Ghanaian politician (1973–2023)

Daniel Okyem Aboagye (31 December 1973 – 23 September 2023) was a Ghanaian politician who was a member of the Seventh Parliament of the Fourth Republic of Ghana, representing the Bantama Constituency in the Ashanti Region on the ticket of the New Patriotic Party.

== Early life and education ==
Okyem Aboagye was born in Atwima Boko in the Ashanti Region of Ghana on 31 December 1973.

Aboagye studied at the University of Ghana where he received a bachelor's degree in Business Administration.
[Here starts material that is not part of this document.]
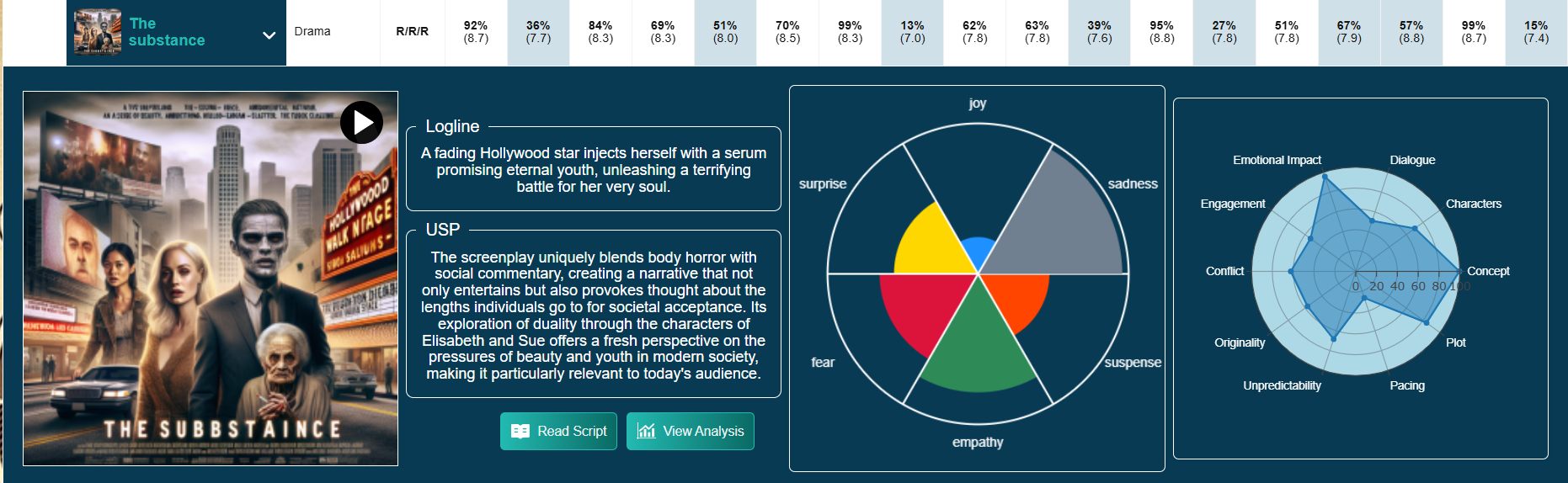 Beyond improving a single script, these tools help writers grow their craft. Re-run the analysis after a rewrite and watch key metrics climb—something no human coverage team could match on such a rapid turnaround.
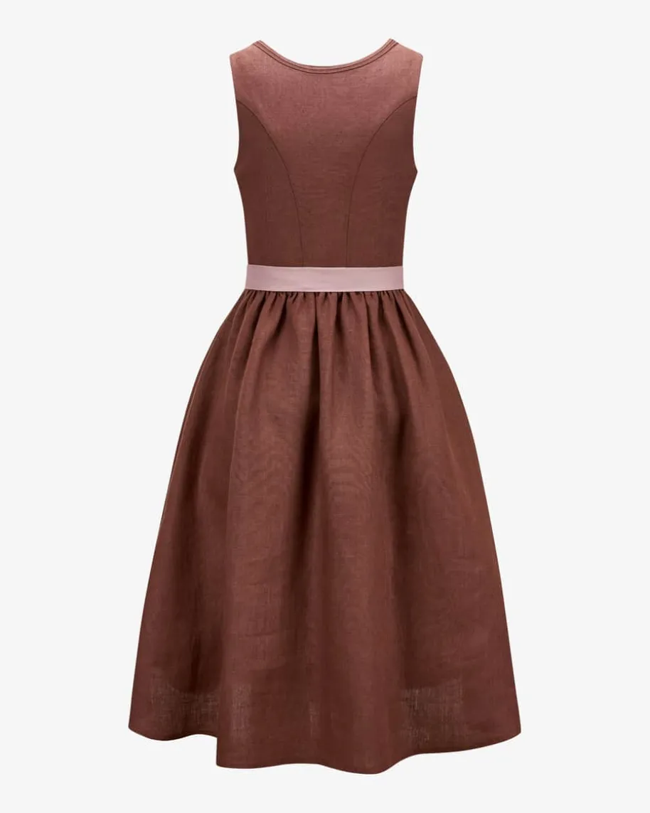 Bodensee Viky Leinendirndl lang mit Schürze für Damen von Viky x LODENFREY inKastanie und Rosa. Die Influencerin Viky Rader kreiert moderne Essentials mitminimalistischer Ästhetik – designed in Germany. Auch dieses Modell punktet dankder hochwertigen Leinen-Qualität, während die schlichte Baumwoll-Schürze denTrachten-Look gekonnt ergänzt.

He graduated in 2002 with an MBA and MIS in Accounting from Troy University, Alabama, USA. Okyem Aboagye was certified in 2003 as a public accountant at the Certified Public Accountant of USA.

== Career ==
Aboagye started his career as the branch manager of SINAPI ABA TRUST in 1998. He later became the project manager of Opportunity International in 2003–2006. Okyem Aboagye was the financial controller of Globe Union in the US and CEO of MGI Microfinance in 2008–2012. He was the CEO of 2M Express Transport Services.

== Politics ==
In 2015 he contested and won the NPP parliamentary primaries for Bantama (Ghana parliament constituency) in the Ashanti Region of Ghana. He won this parliamentary seat during the 2016 Ghanaian general elections. In June 2020, he lost the bid to represent the New Patriotic Party after losing in the primaries to Francis Asenso-Boakye, who is now the member of parliament for the Bantama (Ghana parliament constituency).

=== Committees ===
Aboagye served as a member of the Finance and Economic Committee in the Seventh Parliament of the Fourth Republic of Ghana.

== Personal life and death ==
Aboagye was married with children.

Okyem Aboagye died at the Komfo Anokye Teaching Hospital on 23 September 2023, at the age of 49.